衣冠楚楚的影帝死死抱住他,惊人的肉棒慢慢捅进他的身体。
穴肉因为刺激狠狠收缩,却被鸡巴强行破开防守,顶到深处。隔着肉壁的前列腺被粗大的性器挤压,几乎要忍不住爆炸快感,颤抖着急喘。
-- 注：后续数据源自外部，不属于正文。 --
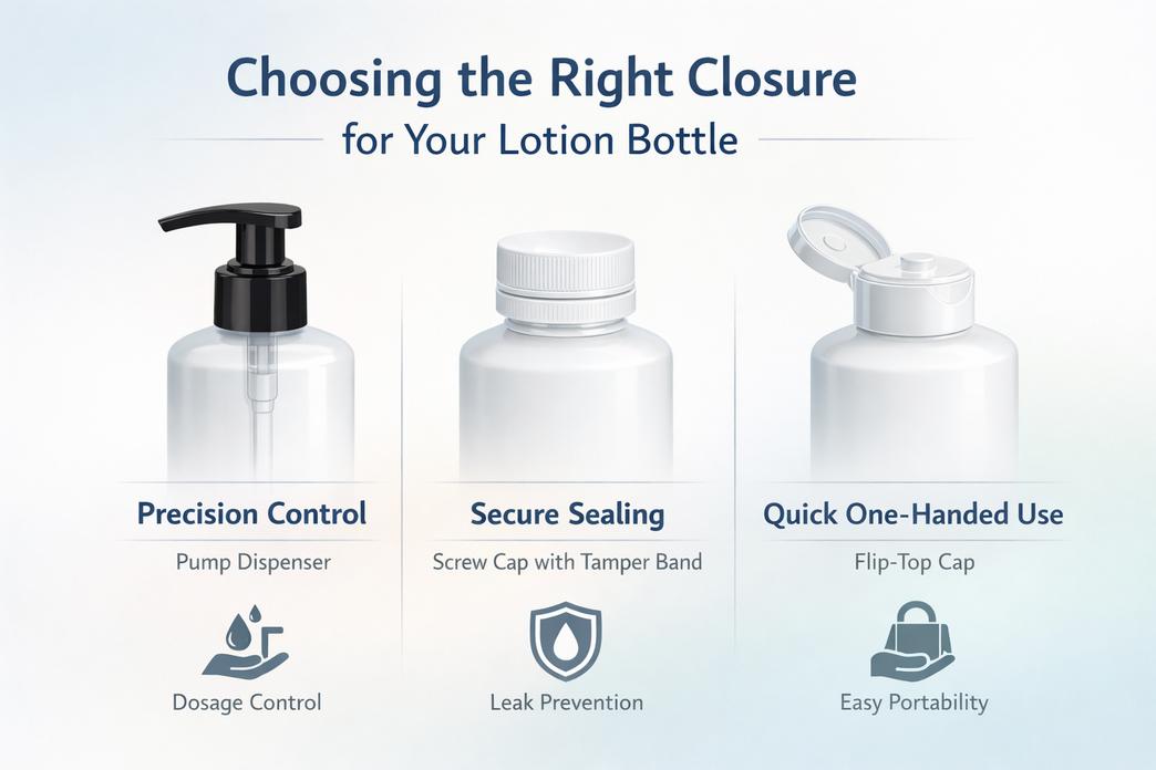 Choosing the right closure for your empty lotion bottle makes all the difference in usage, shelf appeal, and consumer trust.

“啊啊!啊啊啊哈……嗯啊啊~疼!啊啊啊……出、出去!给我滚!啊……”
撕裂的痛楚迫使陈牧从酒精中醒来,一睁眼就看见赤裸的男人抱着自己,痴迷地玩弄他的屁股,一时间分不清是震惊多一些还是愤怒多一些。寻着痛感向下看去,只见一根小臂粗的肉棒不顾一切插进后穴,开疆扩土。后穴周围水光娇艳,红彤彤的,彰显着身上人带来的滔天情欲。
他疯了?!
陈牧不敢置信地抓住周路岩的手臂,目瞪口呆,竟不知该说些什么。
“老婆,醒了更好,让老公肏肏逼,想把老婆肏坏~”周路岩没有一丝被抓包的难堪,反而更加兴奋,体内的肉棒又硬了一个度。他亲吻陈牧的眉眼,“都怪老婆不理我,还天天勾引我。老婆感受到了吗?鸡巴快要爆炸了。”
“老婆,救救我……”
明明是施暴者,却还要装出可怜的模样。陈牧闻言,越发混乱。他与周路岩只有夫夫之名,从未像如今这般亲密。一直把周路岩当作“值得欣赏的演员”和“联姻对象”看待的他,被肏了个措手不及。
“你在说些什么鬼话!放开……啊啊啊……嗯啊……”
周路岩突然大开大合地肏干起来,肉棒整根抽出,整根没入。公狗腰飞快地撞击圆润的臀部,激起一阵阵雪白的肉浪。强有力的撞击不带一丝温柔与理智,就是要把猎物干死的频率与力度。
水花飞溅,肉体相撞,压抑不住的哭腔被撞得支离破碎,可怜巴巴地回荡整个浴室。